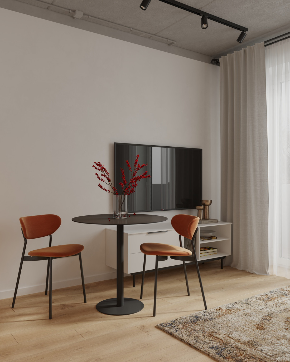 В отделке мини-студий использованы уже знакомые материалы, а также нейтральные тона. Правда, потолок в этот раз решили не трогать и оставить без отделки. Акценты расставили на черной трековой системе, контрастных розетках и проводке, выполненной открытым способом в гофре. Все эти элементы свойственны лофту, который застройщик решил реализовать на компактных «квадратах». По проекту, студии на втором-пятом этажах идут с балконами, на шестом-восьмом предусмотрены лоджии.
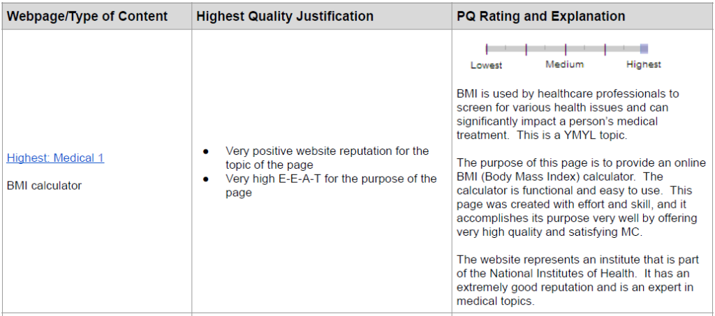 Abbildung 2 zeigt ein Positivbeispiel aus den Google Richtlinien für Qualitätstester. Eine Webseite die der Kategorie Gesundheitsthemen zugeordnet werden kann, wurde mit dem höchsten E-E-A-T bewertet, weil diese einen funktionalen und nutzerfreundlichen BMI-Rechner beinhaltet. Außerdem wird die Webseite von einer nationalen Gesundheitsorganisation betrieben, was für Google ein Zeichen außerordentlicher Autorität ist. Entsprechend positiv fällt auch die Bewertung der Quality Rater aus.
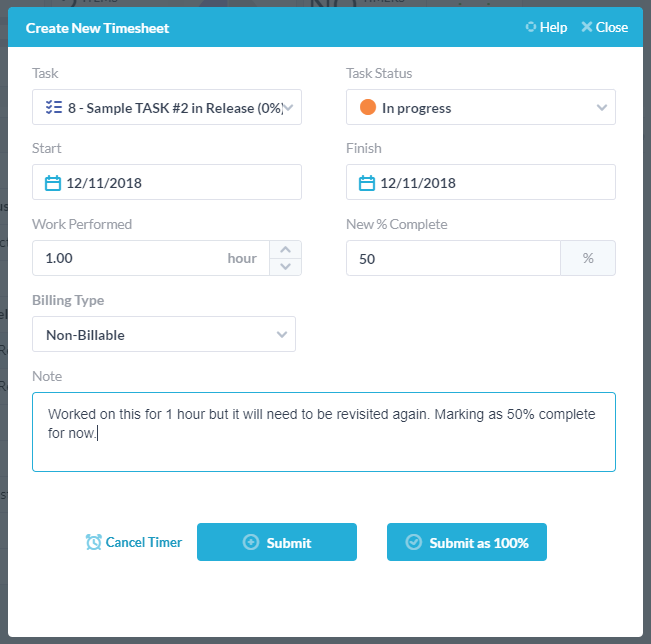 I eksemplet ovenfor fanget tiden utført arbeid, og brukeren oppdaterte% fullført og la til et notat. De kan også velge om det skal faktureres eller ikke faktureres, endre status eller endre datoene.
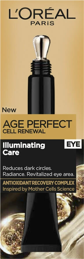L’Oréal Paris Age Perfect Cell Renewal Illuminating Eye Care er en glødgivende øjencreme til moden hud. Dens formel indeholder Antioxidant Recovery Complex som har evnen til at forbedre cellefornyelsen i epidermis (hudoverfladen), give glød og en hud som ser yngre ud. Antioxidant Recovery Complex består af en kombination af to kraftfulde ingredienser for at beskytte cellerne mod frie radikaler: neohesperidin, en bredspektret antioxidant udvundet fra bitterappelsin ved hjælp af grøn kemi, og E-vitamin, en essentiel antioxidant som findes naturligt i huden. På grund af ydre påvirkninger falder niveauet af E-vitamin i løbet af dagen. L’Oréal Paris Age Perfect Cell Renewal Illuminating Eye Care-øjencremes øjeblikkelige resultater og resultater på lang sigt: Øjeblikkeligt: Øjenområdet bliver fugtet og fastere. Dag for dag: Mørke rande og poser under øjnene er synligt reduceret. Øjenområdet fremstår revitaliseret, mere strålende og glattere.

■ WHAT IS NEEDED:
Beginning with the first line of the material above, please output each line exactly through the line that contains "Abbildung 2 zeigt", and only those, leaving out pictures.

■ SOLUTION:
 В отделке мини-студий использованы уже знакомые материалы, а также нейтральные тона. Правда, потолок в этот раз решили не трогать и оставить без отделки. Акценты расставили на черной трековой системе, контрастных розетках и проводке, выполненной открытым способом в гофре. Все эти элементы свойственны лофту, который застройщик решил реализовать на компактных «квадратах». По проекту, студии на втором-пятом этажах идут с балконами, на шестом-восьмом предусмотрены лоджии.
 Abbildung 2 zeigt ein Positivbeispiel aus den Google Richtlinien für Qualitätstester. Eine Webseite die der Kategorie Gesundheitsthemen zugeordnet werden kann, wurde mit dem höchsten E-E-A-T bewertet, weil diese einen funktionalen und nutzerfreundlichen BMI-Rechner beinhaltet. Außerdem wird die Webseite von einer nationalen Gesundheitsorganisation betrieben, was für Google ein Zeichen außerordentlicher Autorität ist. Entsprechend positiv fällt auch die Bewertung der Quality Rater aus.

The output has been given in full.